With the pictures left aside, write out exactly the lines of the listing below from the line with "COLLUSION Plus –" to the line with "在女性用戶這邊,橙色也是相對", both included, and only those.

--------------------------------------------------

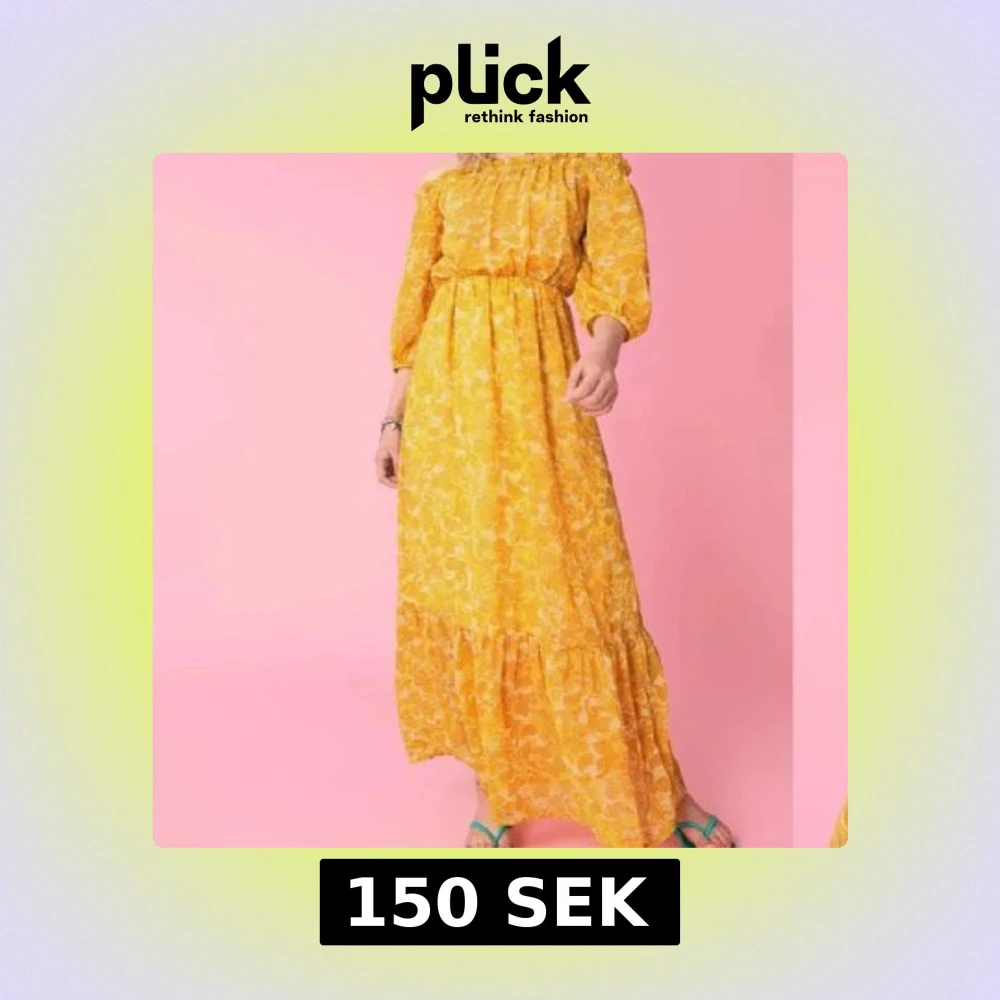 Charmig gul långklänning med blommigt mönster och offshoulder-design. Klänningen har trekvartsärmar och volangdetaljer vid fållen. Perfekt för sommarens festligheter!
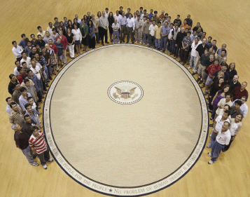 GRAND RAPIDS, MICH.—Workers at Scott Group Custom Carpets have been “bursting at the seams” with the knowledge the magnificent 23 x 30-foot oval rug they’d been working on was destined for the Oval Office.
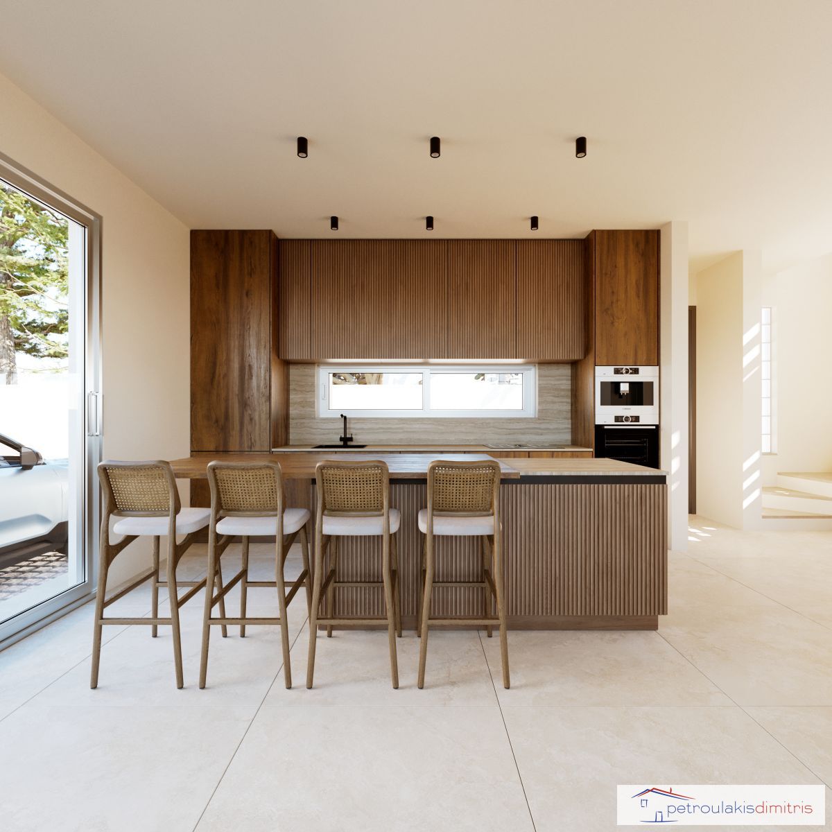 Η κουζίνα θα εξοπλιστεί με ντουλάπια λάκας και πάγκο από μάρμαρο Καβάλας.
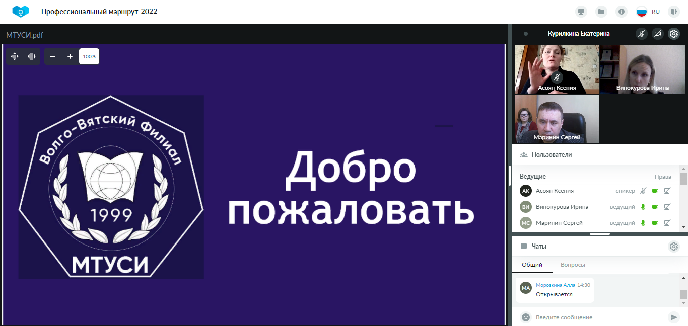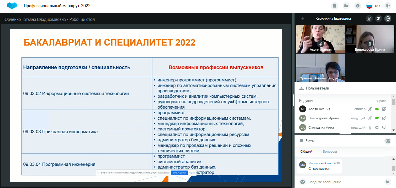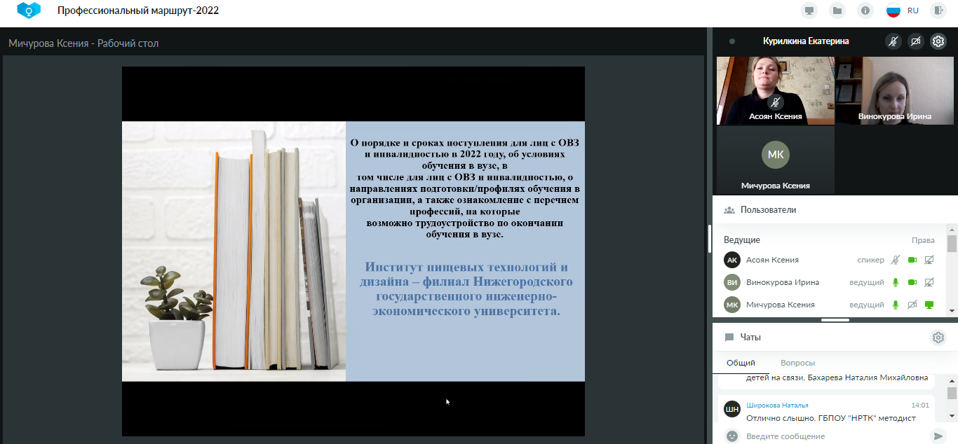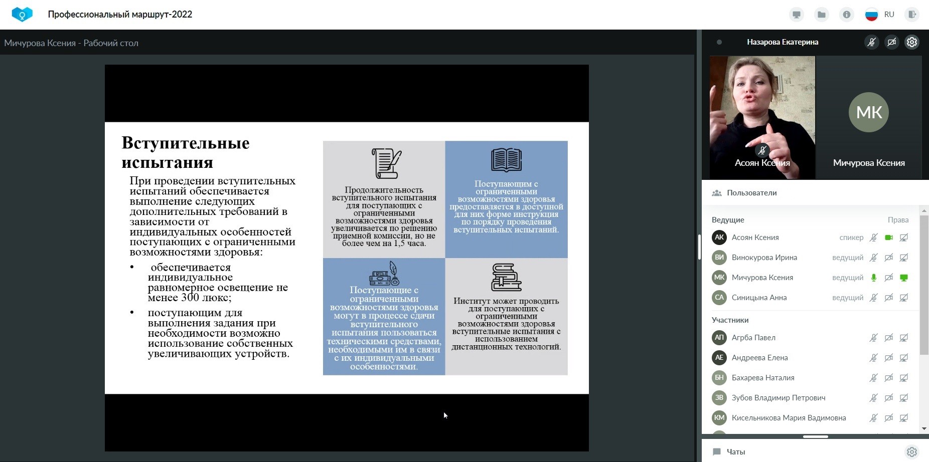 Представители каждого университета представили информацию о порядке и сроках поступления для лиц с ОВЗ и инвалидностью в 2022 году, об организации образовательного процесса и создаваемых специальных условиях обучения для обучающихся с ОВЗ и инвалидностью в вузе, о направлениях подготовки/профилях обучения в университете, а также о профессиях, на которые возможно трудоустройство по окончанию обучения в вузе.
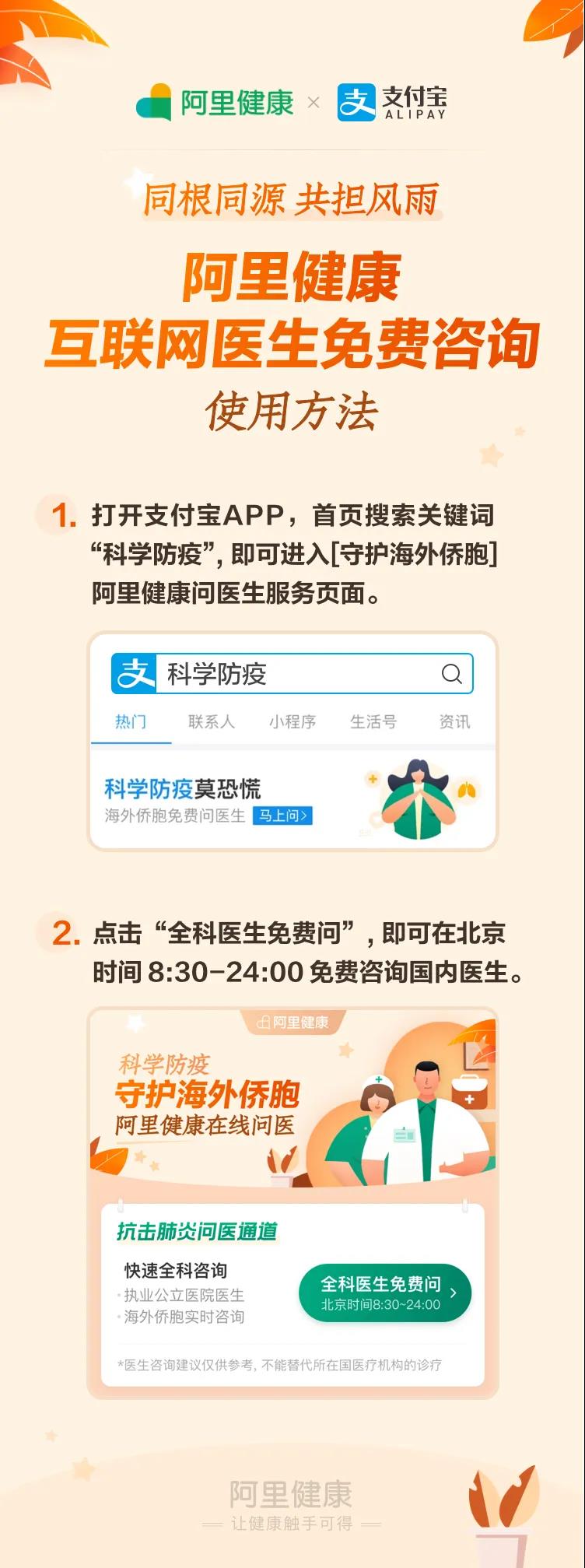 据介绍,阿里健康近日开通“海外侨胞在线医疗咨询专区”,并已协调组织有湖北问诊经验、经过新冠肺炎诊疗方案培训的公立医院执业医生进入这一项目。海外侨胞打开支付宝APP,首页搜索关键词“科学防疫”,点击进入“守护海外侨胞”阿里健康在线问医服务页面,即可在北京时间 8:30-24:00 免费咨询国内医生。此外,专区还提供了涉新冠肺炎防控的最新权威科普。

--------------------------------------------------

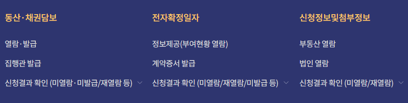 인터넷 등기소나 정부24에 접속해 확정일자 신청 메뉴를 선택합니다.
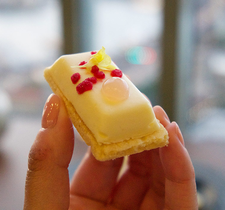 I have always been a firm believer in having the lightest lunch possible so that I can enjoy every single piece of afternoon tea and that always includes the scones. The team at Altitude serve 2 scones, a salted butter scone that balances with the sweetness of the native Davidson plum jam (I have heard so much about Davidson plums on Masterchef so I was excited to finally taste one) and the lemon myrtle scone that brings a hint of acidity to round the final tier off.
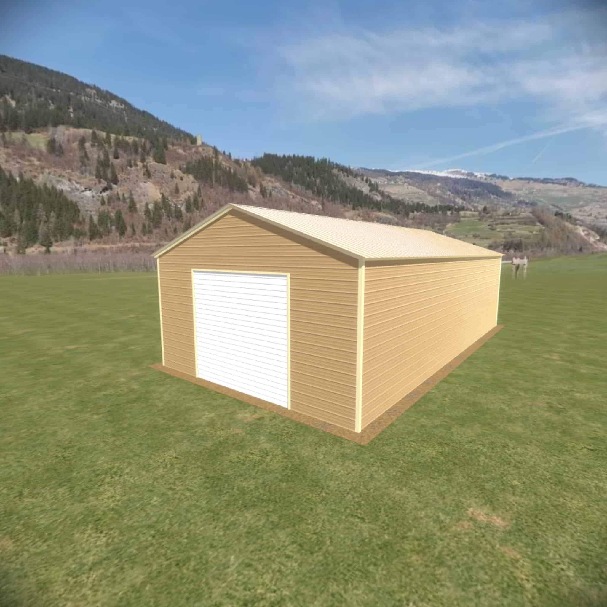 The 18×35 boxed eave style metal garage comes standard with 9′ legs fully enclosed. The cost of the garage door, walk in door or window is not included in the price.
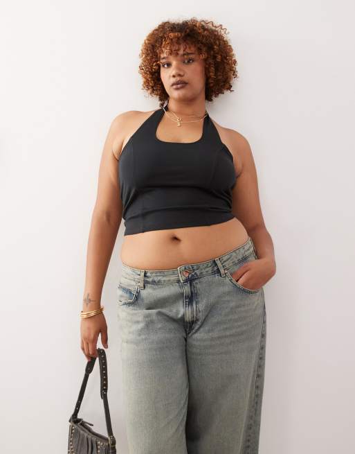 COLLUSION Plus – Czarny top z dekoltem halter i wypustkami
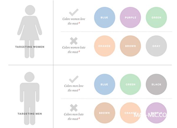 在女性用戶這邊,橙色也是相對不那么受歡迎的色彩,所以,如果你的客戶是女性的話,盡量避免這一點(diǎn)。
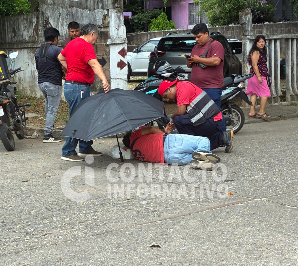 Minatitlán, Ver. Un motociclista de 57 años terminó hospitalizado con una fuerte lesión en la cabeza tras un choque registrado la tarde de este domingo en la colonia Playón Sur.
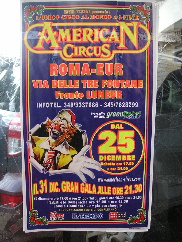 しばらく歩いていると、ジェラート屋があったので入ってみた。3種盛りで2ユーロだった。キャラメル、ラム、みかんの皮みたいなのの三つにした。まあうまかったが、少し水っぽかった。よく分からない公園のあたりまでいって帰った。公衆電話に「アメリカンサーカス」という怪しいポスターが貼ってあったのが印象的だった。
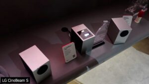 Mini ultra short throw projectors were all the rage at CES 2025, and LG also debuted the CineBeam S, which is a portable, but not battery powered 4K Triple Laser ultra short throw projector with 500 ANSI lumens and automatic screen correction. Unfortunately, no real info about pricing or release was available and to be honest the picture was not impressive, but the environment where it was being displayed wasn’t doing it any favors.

--------------------------------------------------

:: RESPONSE AREA ::
 COLLUSION Plus – Czarny top z dekoltem halter i wypustkami
 在女性用戶這邊,橙色也是相對不那么受歡迎的色彩,所以,如果你的客戶是女性的話,盡量避免這一點(diǎn)。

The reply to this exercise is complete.